On Wednesday, the Asian Development Bank (ADB) reduced its forecast for India’s gross domestic product growth for the fiscal year 2022—2023 (FY23) to 7% from 7.2%, citing weak global demand and tightening monetary policy to combat inflationary pressures brought on by high prices for oil and other commodities.
Although India’s GDP is slowly approaching its pre-pandemic trend level, Takeo Konishi, the ADB’s country director for India, warned that the global recession and rising inflation will likely have an impact on the country’s economic development in the near future. In the medium run, he said, “we think that the government’s ongoing efforts to reform the regulatory climate for companies and infrastructure will encourage investment and create more employment.”
The multinational organization decreased its 7.8% prediction for FY24 to 7.2%. The agency predicted that retail inflation will average 6.7 % in FY23 before lowering to 5.8 percent in FY24, remaining high over the next two years. “Private spending will be crimped by inflationary pressures. However, it was noted that subsidies for petrol and fertilizer, free food distribution, and excise duty reductions would help mitigate some of the effects of rising inflation on consumers.

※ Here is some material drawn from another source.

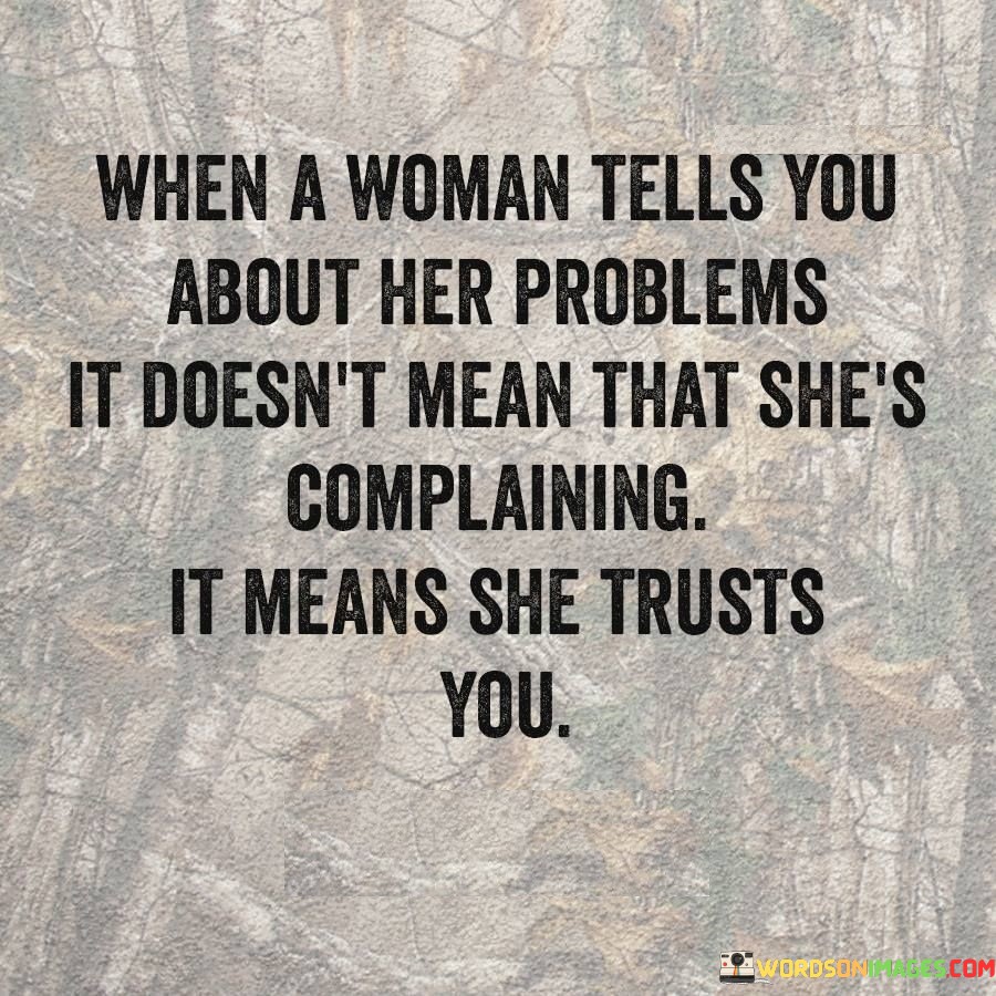 Moreover, the quote underscores the significance of trust in interpersonal relationships. It suggests that when a woman chooses to confide in someone about her problems, it is an indication that she believes in the listener's capacity to provide a safe space for emotional expression. This act of trust deepens the connection between the individuals, as it implies that the woman feels comfortable and secure in sharing her challenges and seeking support.this quote highlights the importance of trust and empathy in interpersonal relationships, particularly when women share their challenges. It challenges the notion of complaints and reframes them as acts of trust and vulnerability. By recognizing the significance of a woman's openness about her problems, we can respond with empathy and understanding, fostering deeper connections and strengthening the bond of trust within the relationship.

The manufacturing sector is anticipated to develop more slowly due to growing input prices, according to ADB, even if the services sector is recovering. It said that a slowdown in the global economy would result in sluggish exports while the value of imports is anticipated to rise, and that agriculture value-added is likely to be somewhat lower due to the shrinking planted area and inconsistent rainfall.
“Public investment is more likely to lead to investment growth than private investment. The cost of subsidies and higher borrowing costs for the government due to rising policy rates will increase fiscal pressure until FY24, according to ADB, which also noted that India’s current account deficit may increase to 3.8 percent of GDP in FY23 as a result of a slowdown in exports and rising imports.